At least now we have a logical (if less romantic) system for naming chemicals, but the list has grown. This has certainly led to the betterment of our lot, but has also placed with analytical chemistry a tall order: to elucidate and quantify the downside effects of unwanted pollution. The measurement of the now ubiquitous and long-lasting residues of the anthropogenic PCBs (Polychlorinated Biphenyls) or the sourcing and remediation of petroleum hydrocarbon spills both require sophisticated analysis. We will look at the latter, by way of example.
Total petroleum hydrocarbons, or “TPH” for short. A misnomer if ever there was one. For as yet, no single analytical procedure will provide a result for Total Petroleum Hydrocarbons, however persuasive the salesperson or sales literature may be.

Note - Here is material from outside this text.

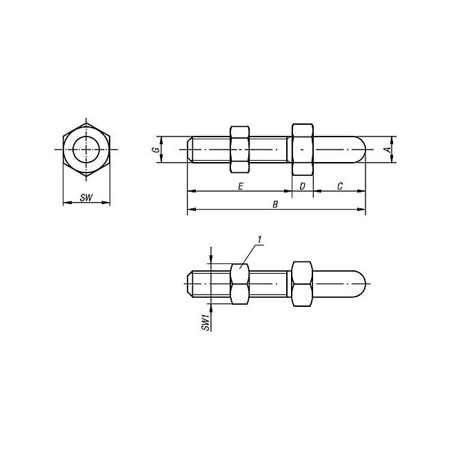 SRUBA PODPIERAJACA Z PRZECIWNAKRETKA, M16, E=60, SW=24, B=105, STAL ULEPSZENIU CIEP.

Why? Petroleum hydrocarbons span a broad range of compounds from the very volatile (such as benzene, C6H6) to the very non-volatile or “sticky” end of the petroleum hydrocarbon series (C30 and beyond). To encompass this spectrum of compounds with very different physical properties requires ingenuity and an arsenal of modern analytical equipment.

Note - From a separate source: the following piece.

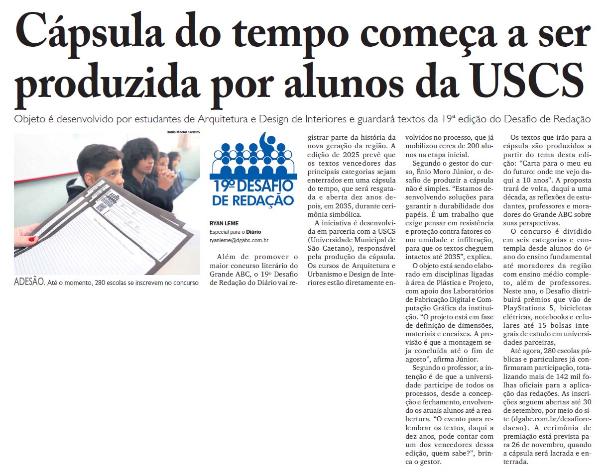 Cápsula do tempo começa a ser produzida por alunos da USCS

Petrol/gasoline range organics (PRO/GRO) analysis, covering the range C6-C10, can be carried out using Headspace GC-FID (Gas Chromatography-Flame Ionisation Detection) or GCMS (Gas Chromatography Mass Spectrometry) and can be used to quantify the lighter components of petroleum hydrocarbons. Petrol or specific compounds that comprise this lighter boiling range, such as the BTEX compounds (Benzene, Toluene, Ethyl Benzene and Xylenes) or additives such as the hydrophilic MTBE (Methyl Tertiary Butyl Ether), are amenable to this procedure.
Diesel Range Organics (DRO – C9-C34) are extracted with a solvent (e.g. dichloromethane, or DCM) and the extract is analysed by GC-FID. This covers a number of different types of petroleum product, including white spirit (C9-C12), kerosene (C9-C16), diesel (C9-C26), transformer oil (C13-C30), and lube/motor oil (C20-C30+).

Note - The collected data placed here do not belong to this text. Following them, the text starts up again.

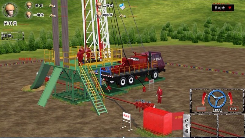 在對石油行業從業人員進行井控(防井噴作業)培訓時,不易找到場地,也不易重建溢流、井噴現象。為了解決這個問題,神州普惠及時推出了“井控模擬仿真培訓系統”。系統利用三維場景重建技術低成本、真實復現溢流現象,在三維場景中有相應的虛擬人物來“代替”學員進行“操作”。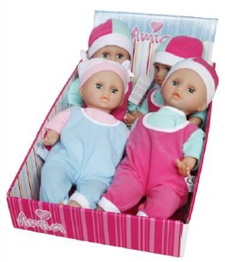 Les poupées bébé en plastique « Schlaf-Baby mit Mütze » de la marque AMIA, référence 500 06 042, code EAN 4022498508086 comportent des cils qui se détachent par soi-même de leurs paupières et constituent ainsi des petites pièces qui peuvent créer un risque d’étouffement pour les jeunes enfants lorsqu’ils sont ingérés.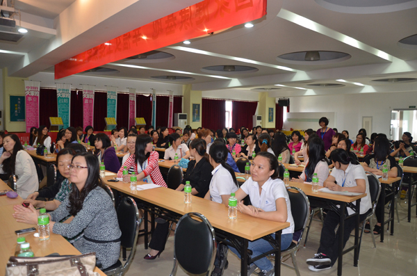 4月18日, “幸福女工”修身學(xué)堂走進健康基地,美捷時、星昊、中智藥業(yè)等園區(qū)企業(yè)200多名女工在課堂上分享了生活中的幸福和困擾。廣東省社區(qū)教育專業(yè)委員會副秘書長、百分媽媽研究所副主任葉文芳為女工解答了困惑,并介紹如何創(chuàng)造幸;橐、如何培養(yǎng)幸福孩子。

Providing chromatograms of nice fresh standards is all very well, but real life is just a little bit different. Evaporation of more volatile components and biodegradation can paint quite a different picture. For example, even if the contaminant in your sample is diesel, the chromatogram may not always look exactly the same as a sample taken from your local pump, depending on the degree of degradation.
Some indication of biodegradation can be acquired by measuring the abundance of phytane and pristane – important biomarkers derived from the degradation of the chlorophyll molecule in the original plant material from which the crude oil was formed (many moons ago), and consequently from which the diesel was refined.
The above techniques will estimate the amount of pollution from petroleum hydrocarbons, normally by calibrating against the closest match of standard (e.g. if the sample chromatogram looks like diesel, a set of various diesel standards will be run to quantify against), but this approach has its limitations. Toxicological data is normally most readily available for single compounds rather than mixtures (as would make up diesel). For this reason, modern risk assessment models often require TPH analysis to be split into groups depending on the carbon chain length.
Petroleum hydrocarbon analysis is only one example of the various ways there are of analysing for what can be perceived by the uninitiated as a single entity (and indeed very often appearing as such on a Bill of Quantities). Get the advice of your analytical laboratory prior to commissioning a project (however large or small) – talking to analytical chemists will help to ensure that the maximum amount of meaningful analytical data will be squeezed out of a finite budget.